Этим ограниченным и «эгоистическим» жанрам Кюхельбекер противопоставил оду, которая «без сомнения, занимает первое место в лирической поэзии»:
Ода, увлекаясь предметами высокими, передавая векам подвиги героев и славу Отечества… парит, гремит, блещет, порабощает слух и душу читателя. Сверх того, в оде поэт бескорыстен: он не ничтожным событиям собственной жизни радуется, не об них сетует; он вещает правду и суд промысла, торжествует о величии родимого края…

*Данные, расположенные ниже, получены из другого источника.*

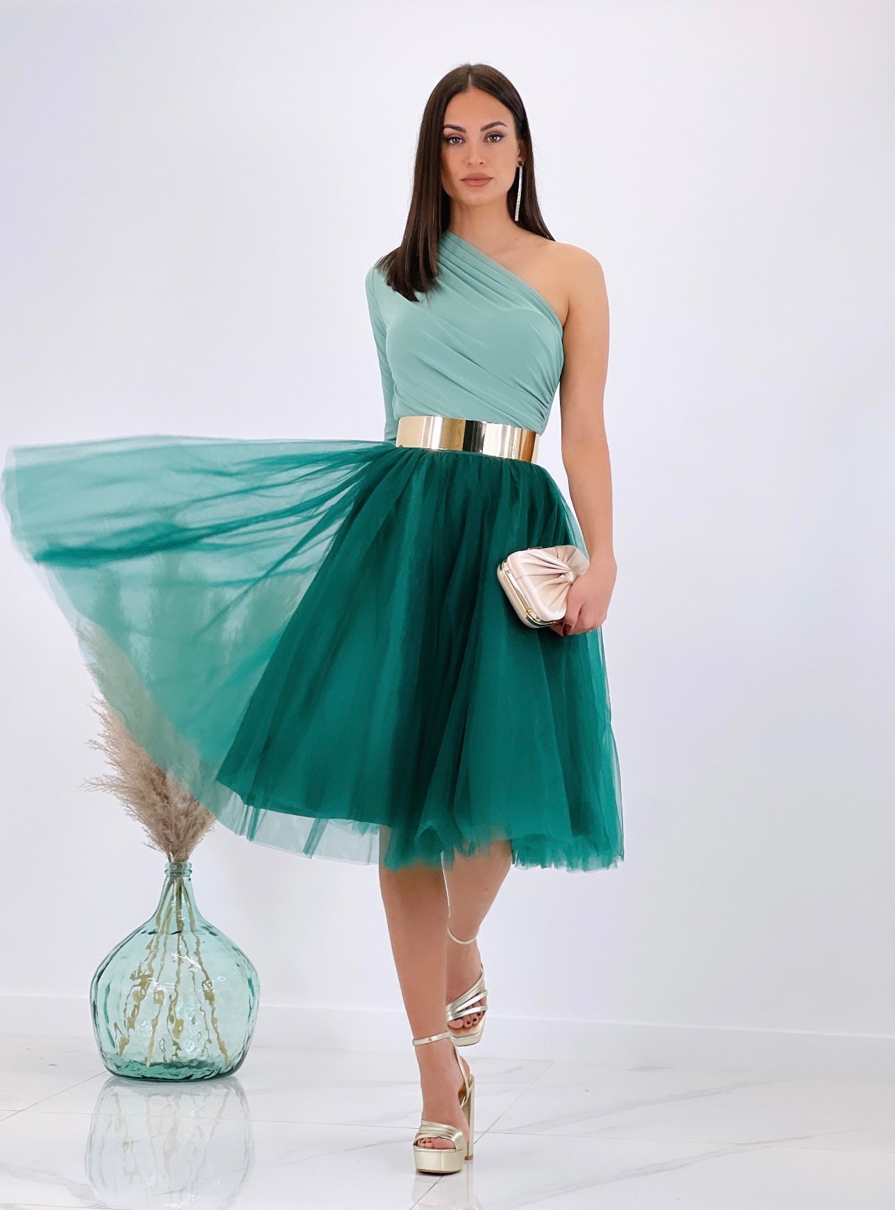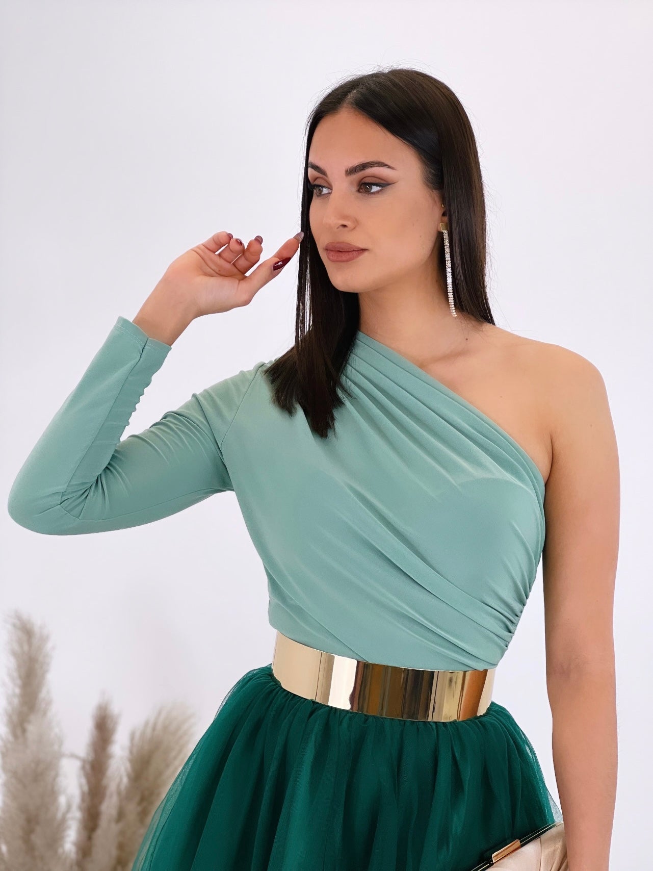 Este body asimétrico presenta un elegante escote diagonal y una manga única, con un efecto drapeado que acentúa tu silueta. Con hombro al descubierto y cierre de corchetes en la espalda, es una opción moderna y versátil para lucir en cualquier ocasión.

Кюхельбекер не просто призывал вернуться к классицистической иерархии, на вершине которой находилась ода. Он руководствовался и романтическими представлениями о поэзии: «Лирическая поэзия вообще не иное что, как необыкновенное, то есть сильное, свободное, вдохновенное изложение чувств самого писателя». Но, с его точки зрения, достойным предметом лирической поэзии могли быть лишь высокие чувства, выходящие за пределы индивидуальных переживаний, а для лиро-эпических произведений следует выбирать сюжеты «истинно народные», то есть связанные с русской историей или фольклором (и в этом Кюхельбекер, конечно, тоже романтик, приверженный поиску национальных корней).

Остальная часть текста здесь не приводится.